In a previous year, the legislature enacted a compulsory compensation law applicable to a limited number of specially hazardous employments, and requiring the employer to pay compensation without regard to fault. Laws 1910, chapter 674. This was held by the Court of Appeals in Ives v. South Buffalo Ry. Co., 201 N. Y. 271, to be invalid because in conflict with the due process of law provisions of the state constitution and of the Fourteenth Amendment.
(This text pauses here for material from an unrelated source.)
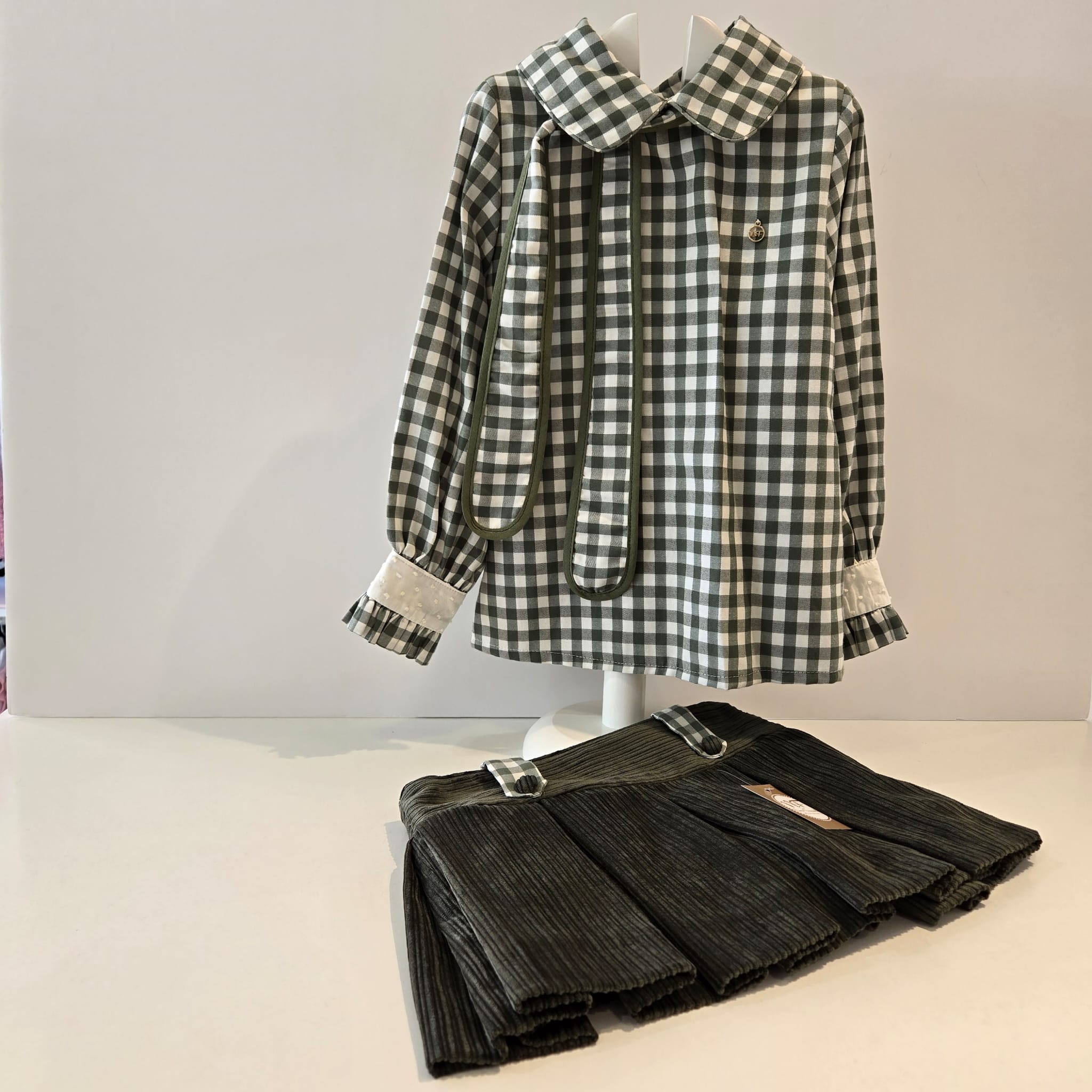 Conjunto blusa con falda-short Dafne Noma Fernández invierno. 🌿 Conjunto de blusa en cuadros vichy verde y falda-short en pana con tirantes. Diseño elegante y cálido, perfecto para la temporada otoño-invierno. Modelo Dafne de Noma Fernández.
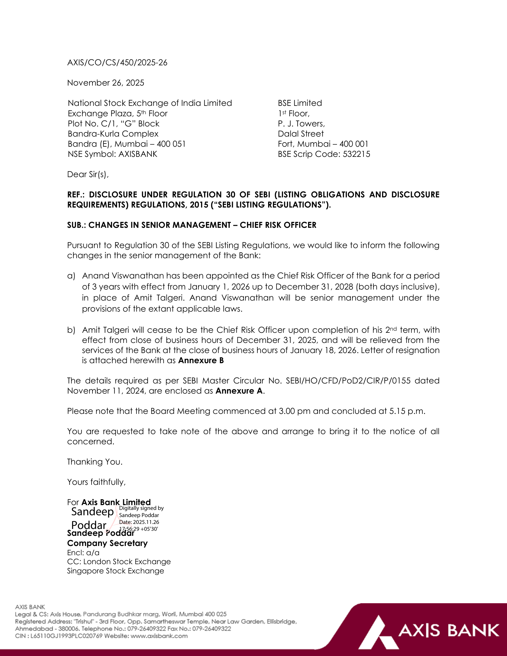 Axis Bank Ltd. - Senior Management Change Alert - Anand Viswanathan appointed as new Chief Risk Officer (CRO), effective January 1, 2026, for a three-year term. - Succeeds Amit Talgeri, who will step down by December 31, 2025. - Viswanathan currently leads Market, Liquidity Risk, ERM, and Model Ris...

Thereafter, and in the year 1913, a constitutional amendment was adopted, effective January 1, 1914, declaring:

"Nothing contained in this constitution shall be construed to limit the power of the legislature to enact laws for the protection of the lives, health, or safety of employees; or for the payment, either by employers, or by employers and employees or otherwise, either directly or through a state or other system of insurance or otherwise, of compensation for injuries to employees or for death of employees resulting from such injuries without regard to fault as a cause thereof, except where the injury is occasioned by the willful intention of the injured employee to bring about the injury or death of himself or of another, or where the injury results solely from the intoxication of the injured employee while on duty; or for the adjustment, determination and settlement, with or without trial by jury, of issues which may arise under such legislation; or to provide that the right of such compensation, and the remedy therefor shall be exclusive of all other rights and remedies for injuries to employees or for death resulting from such injuries; or to provide that the amount for such compensation for death shall not exceed a fixed or determinable sum; provided that all moneys paid by an employer to his employees or their legal representatives, by reason of the

enactment of any of the laws herein authorized, shall be held to be a proper charge in the cost of operating the business of the employer."

In December, 1913, the legislature enacted the law now under consideration (Laws 1913, c. 816), and in 1914 re-enacted it (Laws 1914, c. 41) to take effect as to payment of compensation on July 1 in that year. The act was sustained by the Court of Appeals as not inconsistent with the Fourteenth Amendment in Matter of Jensen v. Southern Pacific Co., 215 N. Y. 514; and that decision was followed in the case at bar.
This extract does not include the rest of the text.